Cayalsite-(Y), a new rare-earth calcium aluminium fluorosilicate with OD character
Malcherek, Thomas; Schlüter, Jochen; Cooper, Mark; Ball, Neil; Husdal, Tomas
European Journal of Mineralogy Volume 27 Number 5 (2015), p. 683 - 694
published: Oct 1, 2015
ArtNo. ESP147052705012, Price: 29.00 €
The crystal structure of cayalsite-(Y), with idealized composition CaY6Al2Si4O18F6, has been determined on the basis of single-crystal X-ray diffraction data. The mineral occurs in several polytypic modifications arising from the combination of three non-equivalent structural layers.
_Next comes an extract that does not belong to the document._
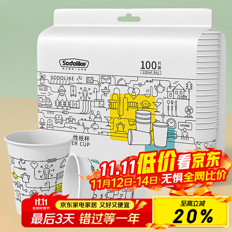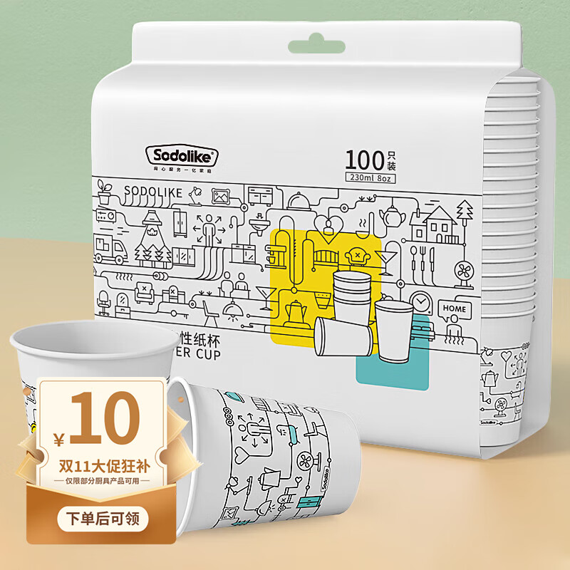 Sodolike尚岛 一次性纸杯 230ml加厚纸杯整箱100只装 办公商务家用

Two maximum degree of order (MDO) polytypes have been identified in cayalsite-(Y). The orthorhombic MDO polytype, cayalsite-(Y)-1O, has lattice parameters a = 15.993(1), b = 5.5306(3) and c = 9.6590(7) Å. It is described in space group symmetry Pban and refines to R obs = 2.2%. The monoclinic MDO polytype, cayalsite-(Y)-1M, a = 11.0602(7), b = 5.5280(2), c = 16.0195(9) Å, β = 118.925(3)° is described in space group symmetry P2/c and refines to R obs = 3.5% in a two-phase mixture with cayalsite-(Y)-1O. Predominantly heavy lanthanide elements substitute for Y and Ca in cayalsite-(Y), with some Ca also substituting for the rare-earth elements (REE). A typical empirical composition, normalized to 24 anions, is Ca1.03(Y4.73Nd0.02Gd0.34Dy0.43Er0.31Yb0.22)Σ6.05Al1.87Si4.03F6.08O17.92)Σ24. Cayalsite-(Y) forms colourless to faintly pink, prismatic crystals in cavities of yttrian fluorite in two granitic pegmatites located in Tysfjord, Nordland, Norway. Cayalsite-(Y)-1O crystals are optically biaxial (+), with indices of refraction α = 1.730(5), β = 1.740(5), γ = 1.760(5) and 2V meas = 56.5(5). The crystal structure of cayalsite-(Y) is composed of linear chains of edge sharing [AlO6] octahedra with isolated [SiO4] tetrahedra. The REE and Ca-cations occur in eight-fold coordination by O and F anions. Apart from substitutional disorder of REE and Ca atoms, the cayalsite structure is characterized by substitutional and positional disorder affecting the local position of [SiO4] tetrahedra in one of its layers. Avoidance of close Si-F contacts causes the partial splitting of O and F positions. The possible interplay of layer stacking and cation ordering is discussed.